The cost of filing a non-provisional software patent can be significantly higher, due in large part to the risk involved. While filing fees for provisional applications are lower than those for non-provisional applications, the net expense will always be higher. The fees for preparing a non-provisional software patent application should not exceed $5,000 to $7,500, depending on the complexity of your invention and the need for broad patent protection.
A provisional software patent application costs about $2,000 and includes attorney time. A provisional software patent application gives “patent pending” status to your invention while delaying the more expensive non-provisional software patent application by up to one year. A provisional application also secures a priority date and protects your confidential information.

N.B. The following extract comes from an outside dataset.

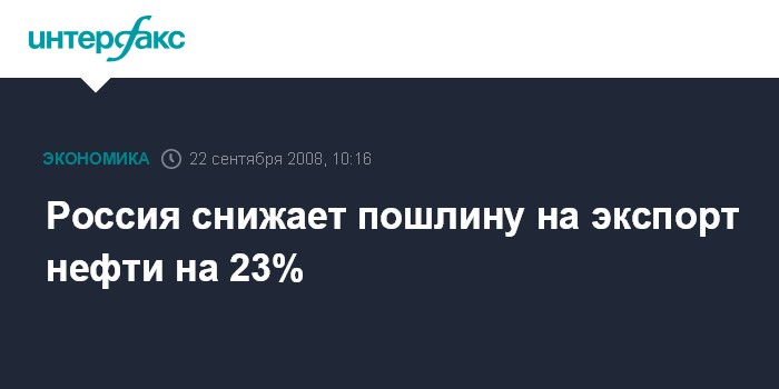 Москва. 22 сентября. INTERFAX.RU - Правительство РФ снижает с 1 октября пошлину на экспорт нефти с $485,8 до $372,2 за тонну. Соответствующее распоряжение от 19 сентября опубликовано в "Российской газете".

It is worth the money for a provisional application. The costs of filing a provisional application depend on the complexity of your invention and technology. However, a computer-related invention typically costs between $6,000 and $10,000 plus filing fee and drawing costs.
A non-provisional software patent application will require more detailed description of your software. The patent application should describe the complete architecture of the software system and its algorithms, routines, and sub-routines. You can consult a professional for this process. If you are unsure about the process, consult a lawyer who specializes in software patents. It is worth the investment if your software generates a significant income for your company.
Requirements for filing a patent application
If you’ve had a brilliant idea for a software application, you may want to file a patent application for it. However, filing a patent application is not an easy task. It requires a great deal of attention to detail, as the patent examiners look closely at the description and implementation of a software program. If you want to file a patent for your software idea, you must make sure that your idea is completely novel, and that it’s not similar to any other software product.
To file a software patent application, you must provide three specific pieces of information. These include a detailed description of your software’s overall computer architecture, one flowchart showing the workings of the software, and a series of flow charts of the software’s routines and subroutines. Once you have these three components, you can proceed with the application. If you fail to provide all of this information, you may not be able to get the patent.
The most important part of the process is determining whether your software is patentable. If your idea is not an abstract concept, you won’t get a patent. This is because the patent office examiners typically adopt a very narrow interpretation of Alice. Luckily, the USPTO issues two Patent Examiner Guidances per year to give examiners formal guidelines on how to evaluate patent applications. The October 2019 PEG addresses the eligibility requirements for software ideas.
In most cases, software inventions are abstract ideas. The patent examiner looks at whether the claims are abstract, or not. Generally, an abstract idea isn’t a software invention, but it still qualifies as a patentable idea. It should be designed to solve a problem that is “necessarily rooted” in computer technology. Moreover, the claims must not preempt every possible application of the idea.